» Requirement
Transcribe exactly everything in the data below from the line containing "Heb je de aardappelplanten" down to the line containing "Sexy Men’s thong, strap", both lines included and nothing further.

» Input data
════════

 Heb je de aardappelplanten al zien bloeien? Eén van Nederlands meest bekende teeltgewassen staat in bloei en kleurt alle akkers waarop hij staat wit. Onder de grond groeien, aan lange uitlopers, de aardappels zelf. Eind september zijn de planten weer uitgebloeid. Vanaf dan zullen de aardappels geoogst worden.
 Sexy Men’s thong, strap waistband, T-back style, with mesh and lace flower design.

════════

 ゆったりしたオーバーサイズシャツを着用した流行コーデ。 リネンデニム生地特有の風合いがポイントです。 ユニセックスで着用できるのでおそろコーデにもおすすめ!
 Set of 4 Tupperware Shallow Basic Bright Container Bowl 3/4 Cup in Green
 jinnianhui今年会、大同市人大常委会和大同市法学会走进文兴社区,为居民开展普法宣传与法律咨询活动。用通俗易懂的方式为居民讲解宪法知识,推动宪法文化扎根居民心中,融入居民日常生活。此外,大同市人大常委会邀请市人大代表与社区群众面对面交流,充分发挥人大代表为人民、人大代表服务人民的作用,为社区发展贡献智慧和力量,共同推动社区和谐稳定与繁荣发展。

════════

» Answer space
 Heb je de aardappelplanten al zien bloeien? Eén van Nederlands meest bekende teeltgewassen staat in bloei en kleurt alle akkers waarop hij staat wit. Onder de grond groeien, aan lange uitlopers, de aardappels zelf. Eind september zijn de planten weer uitgebloeid. Vanaf dan zullen de aardappels geoogst worden.
 Sexy Men’s thong, strap waistband, T-back style, with mesh and lace flower design.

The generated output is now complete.